For decades, microbiologists have exchanged anthrax strains for research with few restrictions, even the most virulent isolates. Unless its a rare strain, Spertzel says the spores used in the attacks could have come from anywhere.
The "Ames" strain has been the focus of much speculation in the press, as law enforcement sources say it was the source of the Florida exposures. But it isn't that rare. The strain was extracted from a dead cow in Ames, Iowa, in the 1950s, then sent to the U.S. Army Medical Research Institute of Infectious Diseases around 1980 for research.
British and American scientists discovered that Ames was one of the strains that defeated the licensed U.S. and British anthrax vaccines. Quite simply, it killed vaccinated guinea pigs. (Before you get too scared, antibiotics successfully kill the Ames strain). One can find Ames "reference strains" in laboratories around the world.

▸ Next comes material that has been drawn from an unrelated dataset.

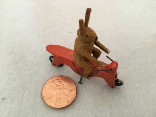 Miniature German Erzgebirge Carved Wood Rabbit On Motorcycle Penny Toy Putz

But if the agents used in the attack are found to contain the telltale presence of certain compounds used in a professional drying process, this could be a very revealing clue. For instance, the presence of aluminum clay, an anti-clumping agent employed in an air-drying process for anthrax, would point to professionals rather than amateurs, and narrow the field of possible suppliers.
It's clear the Florida cases involved a less elegant preparation with spores of an inconsistent size. Still, someone succeeded in manufacturing tens of thousands of particles, or more, to the required size to infect two victims with pulmonary anthrax. That took more than a mortar and pestle.